There are problems with this approach: it takes forever, it leaves HUGE gaps in your data analysis, and it leaves you frustrated with the process – and frequently, the result.
How can we make this better? Flake’s answer: by merging the concepts of browse and search together. Let’s look at the puppy breed task in detail. Typical Google search is fantastic for finding an answer, not outlining the shape of the landscape that you’re unfamiliar with. Thus, when you search for a specific breed, you’ll quickly find a Wikipedia page about that breed – with pictures for it. But how can you find other breeds like it? Does this breed live long or not – it’s really impossible to tell, without being a subject matter expert, whether 12 year life expectancy is a lot or a little.

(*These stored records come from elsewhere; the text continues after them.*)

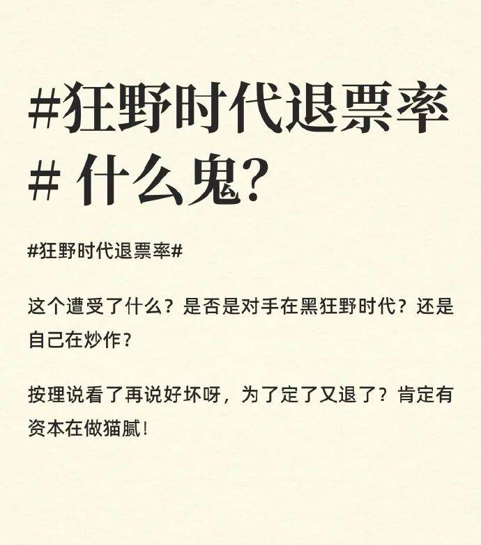 多方平台监测《狂野时代》首日退票率达14.6%-15%(约15.5万人次),相当于每7张票有1张退回,远超商业片4.8%的常态值。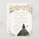 Cette invitation élégante et glamour pour les douze ans de la princesse présente une belle princesse aux cheveux noirs et à la peau foncée dans une robe de bal noire. Le texte combine une écriture manuscrite et des polices modernes sans serif pour un look classe et sophistiqué. Les arrangements floraux, les papillons et les confettis dorés créent le mélange parfait de rustique et de chic.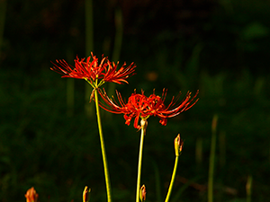夏の間は、暑くて庭の雑草を刈る気にもなれなかった。ここ数日は、涼しいので雑草を刈ることにした。伸び放題の雑草を見ていると思わず心が萎える。しかし、刈らねばね。汗を流し流し刈って、ゴミ袋二袋。ふ~疲れた。でも、スッキリしたなぁ。自分としては満足。それから何日かして庭を見たら、すっきりした庭に、一本の茎がすーっと出てきた。何だろう。せっかく綺麗に刈ったのに・・・。次の日また庭を見てみると、茎の先に赤い蕾がでてきた。何の花だろう。不思議に思っていた。抜こうと思えば抜くことができたのに、なぜか抜くことが出来なかった。抜かないでとその花が主張している気がした。今日は9月23日お彼岸だ。朝庭を見てみると、彼岸花が一本咲いていた。お彼岸をまるで待っていたかのように咲き誇っている。お義父さんと、お義母さんの魂がまるで宿っているかのように堂々と咲いている。「今日は、お彼岸よ」と教えてくれているのだ。何だか感動した。たった一本の彼岸花がすごく神々しかった。何気ない日常に非日常を感じてしまった一日だった。

What we’re really want to do is to see the data as a whole. ALL breeds at once, not just one breed. With that, patterns will pop: hmmm, 12 years is about average for all dog breeds. Hmmm, small dogs tend to live longer. There’s no way to find that insight from individual Wikipedia pages describing the dog breeds. Even if you were to read every one of those pages, you couldn’t keep every detail in memory – thus, missing out on important trends in the data.
Let’s look at a website that almost delivers on this promise: Amazon. Search for a digital camera inside the Electronics department; you’ll see a bunch of pages of results. Here’s a key, though: on the left side, you’ll notice some characteristics of the ENTIRE dataset. Those characteristics make some non-obvious things pop: Panasonic is in the Top 3 manufacturers, I didn’t even know they made digital cameras; products are evenly distributed across the 1 to 5 star review scale. WOW, cool – now that I know this, I can (1) trust the review system – people don’t just rate everything 5 stars and (2) buy myself a Panasonic camera, because they’re my “trusted brand.”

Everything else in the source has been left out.